### What to work on
All entries below need to be written out exactly, but without their pictures.

### Extracted data entries
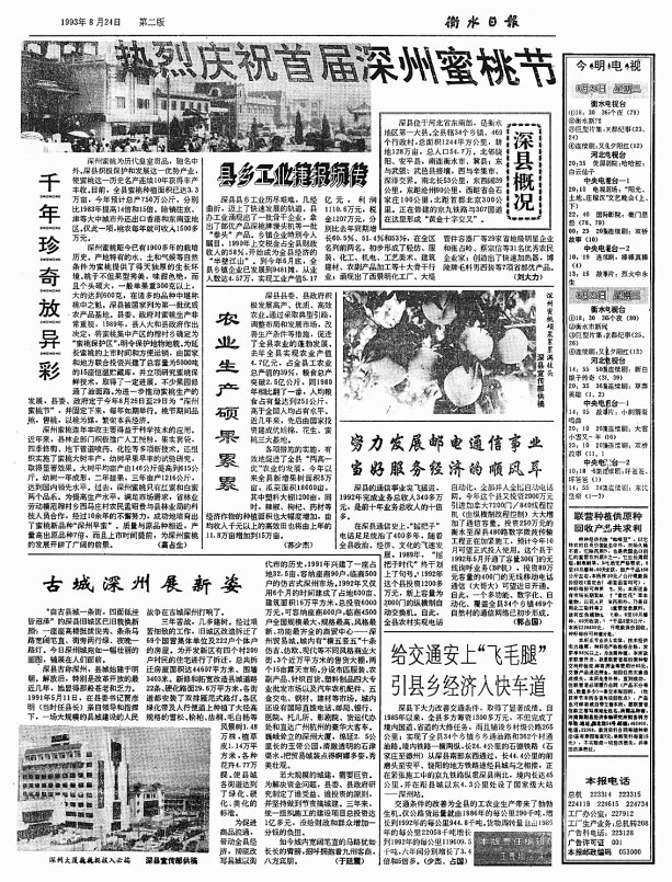 1981年1月8日至11日,“行署召開了我區(qū)歷史上第一次果樹生產(chǎn)會議”,號召全區(qū)人民動員起來,大力發(fā)展果樹生產(chǎn)(1981年1月13日《衡水日報》1版)。1983年,阜城鴨梨產(chǎn)量突破1600萬斤,創(chuàng)下歷史最高紀錄(1983年9月7日1版);1986年9月10日《衡水日報》報道了深州蜜桃品嘗推銷會在京舉辦的盛況:“昆侖飯店500元以上一桌的宴會才上蜜桃,平均5元一個?!边@些報道成為衡水特色果品第一次騰飛的生動見證。到了1987年,衡水全區(qū)果樹面積已達50萬畝,與改革開放前相比,產(chǎn)量、產(chǎn)值均翻兩番以上。深州蜜桃、阜城鴨梨、武邑黃口大棗、棗強馬蓮小棗、故城冬棗5個名特優(yōu)稀果品商品生產(chǎn)基地已見雛形,正向商品化發(fā)展。
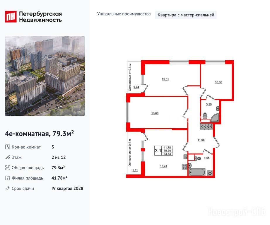 Продается трехкомнатная квартира в новостройке ЖК «Город звёзд» по адресу Ленинградская область, Всеволожский район, Поселок им. Свердлова, Новосаратовка дер., ЖК «Город звезд», корпус 11. Общая площадь квартиры - 79.3 кв. м. Тип проекта, по которому построен дом — Монолитно-кирпичный, компания-застройщик — Setl Group (Сэтл Групп). Стоимость квартиры — 13 800 500 руб. Способы оплаты можно уточнить у продавца. Срок сдачи — 4 квартал 2028. Более подробная информация по телефону.
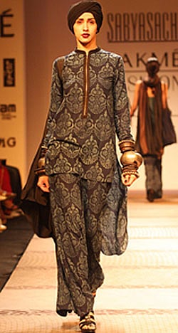 Other designers use khadi too, but Sabyasachi has been the most successful in selling it, thanks partly to his insatiable Marwari clientele, which makes sure his clothes are sold out two hours after they are put out on retail shelves. He tries to wear this fondness for khadi lightly, insisting it is not a patriot’s agenda, but he doesn’t really succeed. Usually cynical, bored with the ‘intellectual’ tag the media has thrust on him and always restive, he becomes unapologetically eloquent if you so much as mention Indian weaves, the sari or Fabindia. He does a hardsell of Gandhian simplicity. Only, like Gandhi’s goat milk, which had to be acquired with effort and money, the Sabyasachi brand of simplicity is expensive. A khadi sari created by him can set you back by a lakh of rupees. He is now charmed with the idea of refashioning Bollywood besides curating affordable cotton saris from the remotest parts of the country to influence the way India dresses. Here, he tells
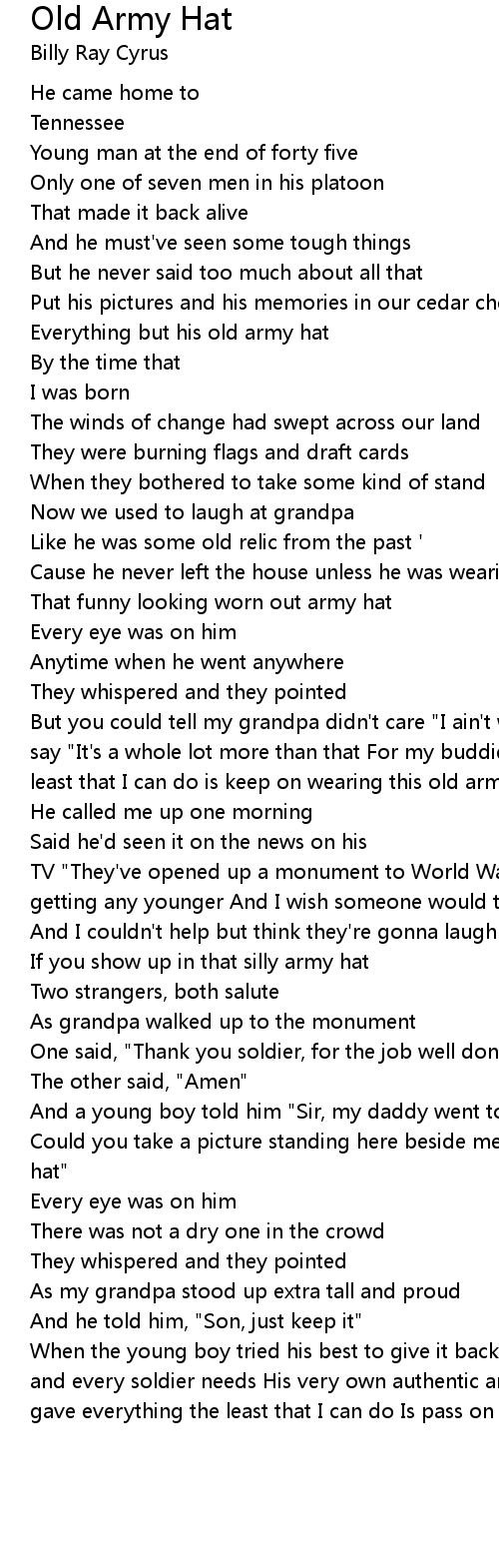 When the young boy tried his best to give it back "You're a brave little soldier and every soldier needs His very own authentic army hat" "For your daddy who gave everything the least that I can do Is pass on this old worn out army hat"
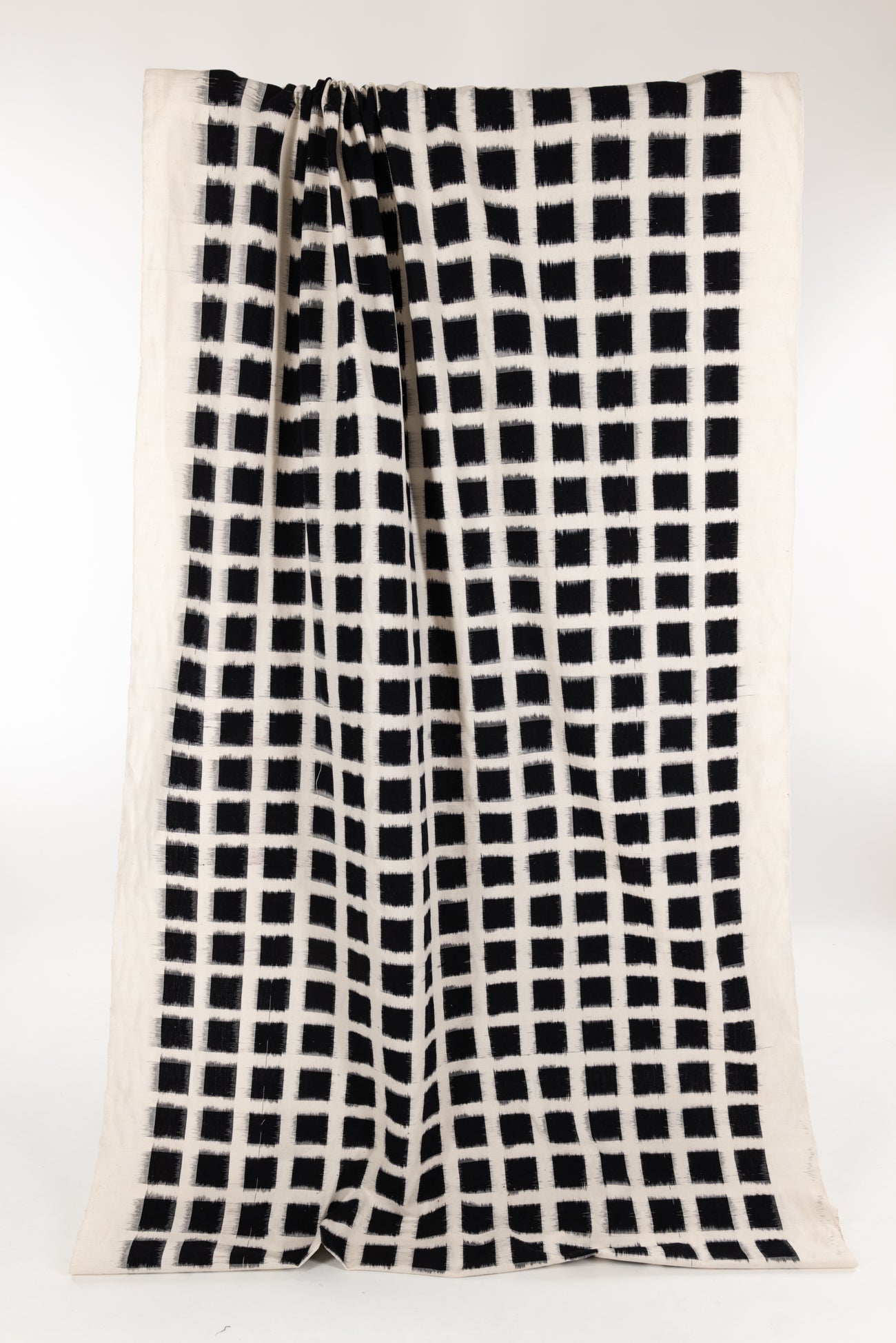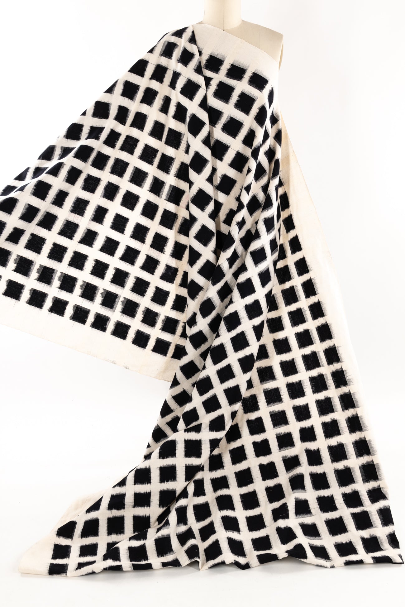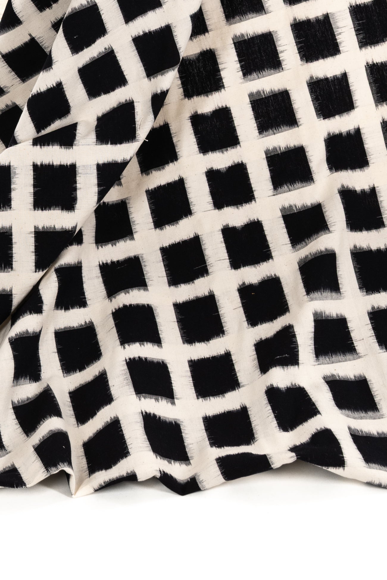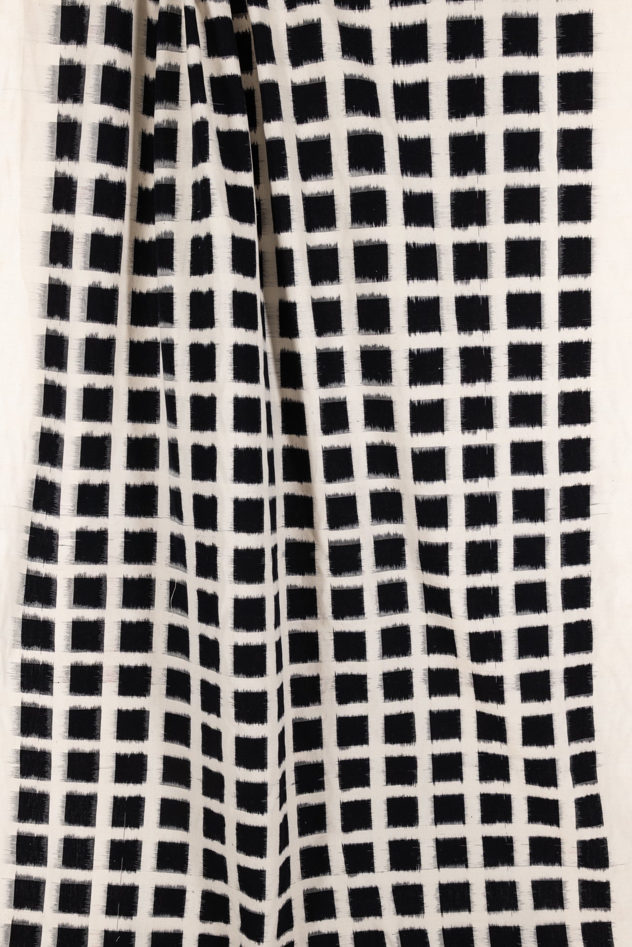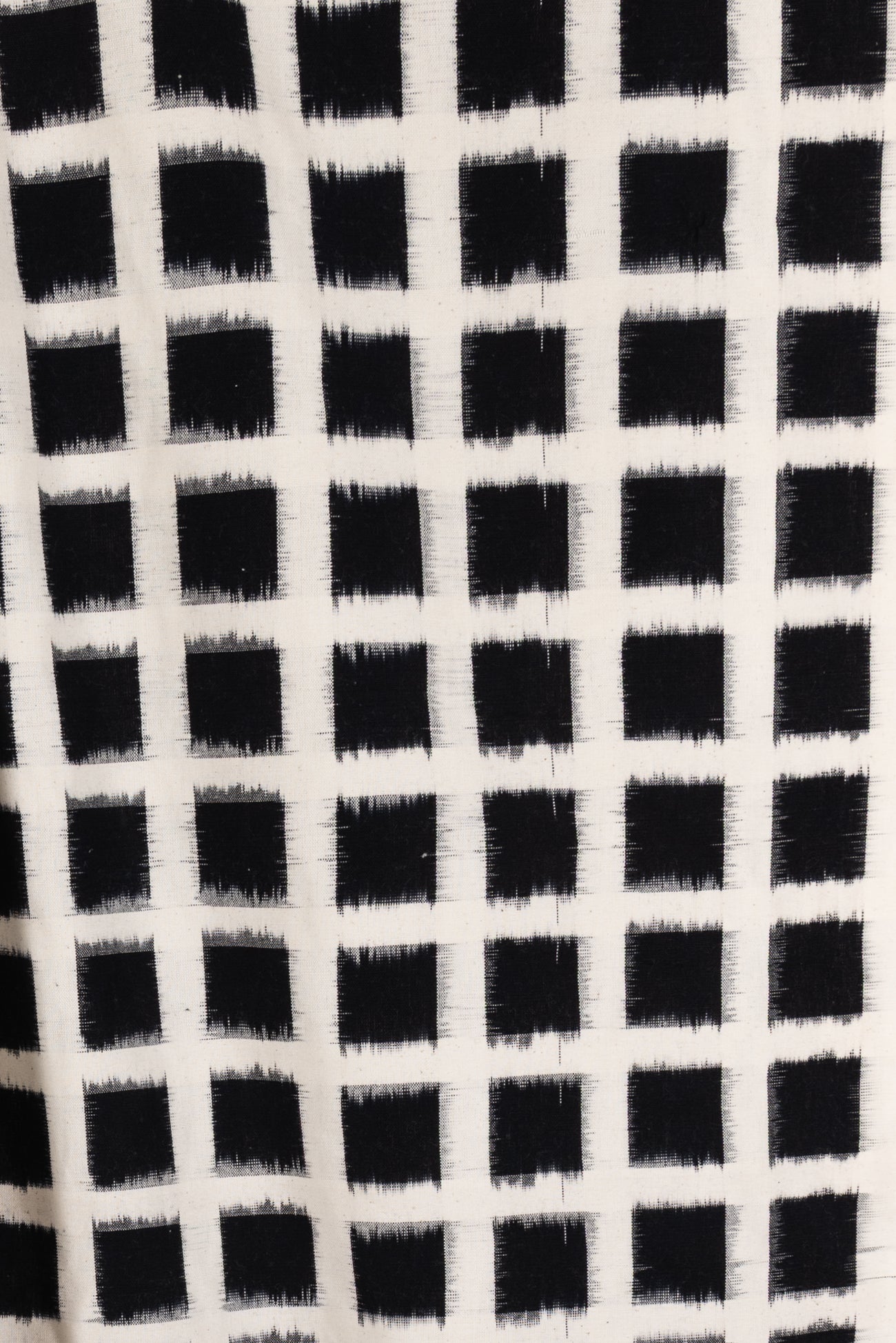 A grid of black on warm white double ikat squares in a hand-woven cotton from India that is naturally blurry in a charming way. Some of the most interesting and soulful fabrics are coming out of India today where textile traditions continue. Double Ikat is a technique in which both warp and the weft are resist-dyed prior to weaving, so it it is the most difficult to make and more expensive to produce. Light weight, opaque with a lightly textured appealing cool hand, and airy drape. The weight is right for a tunic, shirt, light jacket, vest, dress, skirt, caftan or soft pants.

### Answer to this exercise
 1981年1月8日至11日,“行署召開了我區(qū)歷史上第一次果樹生產(chǎn)會議”,號召全區(qū)人民動員起來,大力發(fā)展果樹生產(chǎn)(1981年1月13日《衡水日報》1版)。1983年,阜城鴨梨產(chǎn)量突破1600萬斤,創(chuàng)下歷史最高紀錄(1983年9月7日1版);1986年9月10日《衡水日報》報道了深州蜜桃品嘗推銷會在京舉辦的盛況:“昆侖飯店500元以上一桌的宴會才上蜜桃,平均5元一個?!边@些報道成為衡水特色果品第一次騰飛的生動見證。到了1987年,衡水全區(qū)果樹面積已達50萬畝,與改革開放前相比,產(chǎn)量、產(chǎn)值均翻兩番以上。深州蜜桃、阜城鴨梨、武邑黃口大棗、棗強馬蓮小棗、故城冬棗5個名特優(yōu)稀果品商品生產(chǎn)基地已見雛形,正向商品化發(fā)展。
 Продается трехкомнатная квартира в новостройке ЖК «Город звёзд» по адресу Ленинградская область, Всеволожский район, Поселок им. Свердлова, Новосаратовка дер., ЖК «Город звезд», корпус 11. Общая площадь квартиры - 79.3 кв. м. Тип проекта, по которому построен дом — Монолитно-кирпичный, компания-застройщик — Setl Group (Сэтл Групп). Стоимость квартиры — 13 800 500 руб. Способы оплаты можно уточнить у продавца. Срок сдачи — 4 квартал 2028. Более подробная информация по телефону.
 Other designers use khadi too, but Sabyasachi has been the most successful in selling it, thanks partly to his insatiable Marwari clientele, which makes sure his clothes are sold out two hours after they are put out on retail shelves. He tries to wear this fondness for khadi lightly, insisting it is not a patriot’s agenda, but he doesn’t really succeed. Usually cynical, bored with the ‘intellectual’ tag the media has thrust on him and always restive, he becomes unapologetically eloquent if you so much as mention Indian weaves, the sari or Fabindia. He does a hardsell of Gandhian simplicity. Only, like Gandhi’s goat milk, which had to be acquired with effort and money, the Sabyasachi brand of simplicity is expensive. A khadi sari created by him can set you back by a lakh of rupees. He is now charmed with the idea of refashioning Bollywood besides curating affordable cotton saris from the remotest parts of the country to influence the way India dresses. Here, he tells
 When the young boy tried his best to give it back "You're a brave little soldier and every soldier needs His very own authentic army hat" "For your daddy who gave everything the least that I can do Is pass on this old worn out army hat"
 A grid of black on warm white double ikat squares in a hand-woven cotton from India that is naturally blurry in a charming way. Some of the most interesting and soulful fabrics are coming out of India today where textile traditions continue. Double Ikat is a technique in which both warp and the weft are resist-dyed prior to weaving, so it it is the most difficult to make and more expensive to produce. Light weight, opaque with a lightly textured appealing cool hand, and airy drape. The weight is right for a tunic, shirt, light jacket, vest, dress, skirt, caftan or soft pants.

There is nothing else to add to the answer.